Need to know: The banshee is a creature from Celtic
folklore, a female apparition whose unearthly scream heralds death and
tragedy
for those
who hear it. Despite the title, Cry of the Banshee features no such creature.
The movie also bears more than a passing resemblance to the 1968 horror
classic, Witchfinder General (released in the US as Conqueror Worm),
with both featuring Vincent Price as a witch-burning puritan – though
the 1968 film contains no witches or werewolves and is instead a powerful
study of hypocrisy and corruption.
Cry of the Banshee was produced and
distributed by American International Pictures and, despite having absolutely
no connection with the author, the studio sold the movie as part of its
Edgar Allen Poe series, which had previously found Price collaborating
with Roger Corman on a string of wonderfully baroque – and financially
lucrative - horror classics. Banshee was
directed by Gordon Hessler, who helmed several of AIPs later efforts,
as
well
as
The Golden
Voyage of Sinbad and the rock-horror of KISS meets the Phantom of the
Park.
The script was written by Christopher Wicking, who would go on
to write the incomprehensible Dream Demon (see: Timothy Spall). And don’t
be surprised if the opening titles for Cry of the Banshee look familiar – they
were animated by Terry Gilliam, then just embarking on the first season
of seminal TV comedy, Monty Python’s Flying Circus.
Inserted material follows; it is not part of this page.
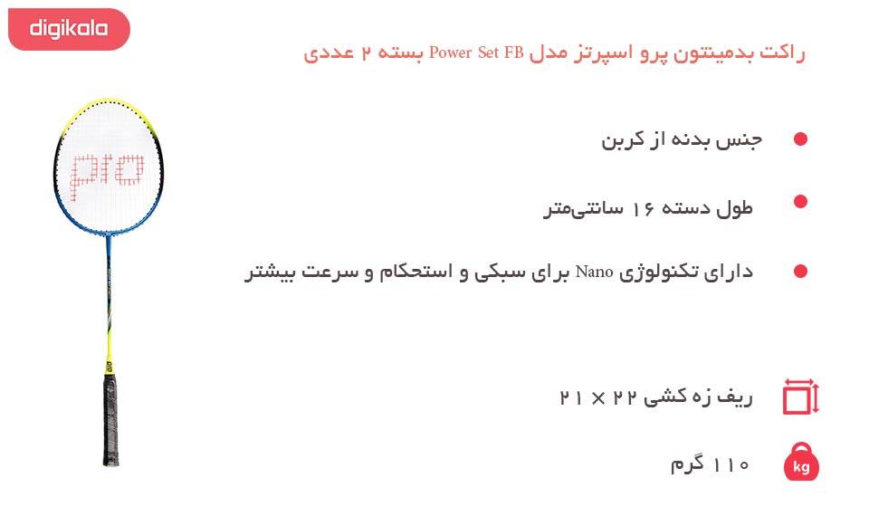 ویژگی‌های کلی راکت بدمینتون پرو اسپرتز مدل Power Set FB بسته 2 عددی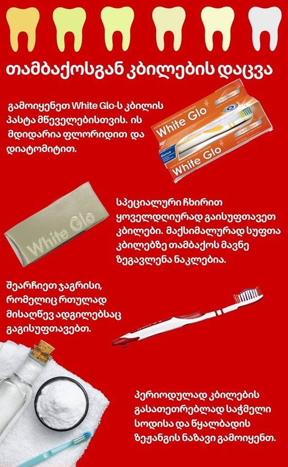 • გაიხეხეთ კბილები დღეში ორჯერ ფლორიდის (fluoride) შემცველი კბილის პასტით. ყურადღებით შეარჩიეთ კბილის ჯაგრისიც. ჯაგრისის ფორმა და სტრუქტურა ისეთი უნდა იყოს, რომ კბილის პასტამ მაქსიმალური შედეგი მოგიტანოთ. • სპეციალურად მწეველებისთვის კბილის პასტების ერთ-ერთმა წამყვანმა ავსტრიულმა მწარმოებელმა White Glo-მ შექმნა მათეთრებელი ფორმულა. ის ფლორიდით განსაკუთრებულად მდიდარია და ამავდროულად, შეიცავს დიატომიტს. ეს სპეციალური ფორმულა კბილებიდან თამბაქოს ნადების მოსაშორებლად და სუნთქვის გაუმჯობესითვისაა შექმნილი. მისი მიკრო კრისტალები კბილიდან თამბაქოთი გამოწვეულ სიყვითლესა და ლაქებს აშორებს. ის სრულიად უსაფრთხოა კბილებისთვის ყოველდღიურად გამოსაყენებლად. White Glo-ს შეფუთვას მოყვება კბილის ჯაგრისი და ჩხირი.

Honourable mentions: Cry of the Banshee wasn’t Rea’s only
brush with horror. In 1984 he appeared in another lycanthropic yarn,
the infinitely more respectable The Company of Wolves. He followed that
with the grave-robbing story of Burke and Hare in The Doctor and the
Devils, before playing a supporting role in the histrionic vampire soap
opera, Interview with a Vampire. As recently as 2002 he appeared in the
utterly ludicrous Feardotcom, so you should clearly never give up hope
of yet another return to cheesy horror.
Availability: Cry of the Banshee is available on DVD in a double bill
with The Oblong Box as one of MGMs Midnite Movies releases.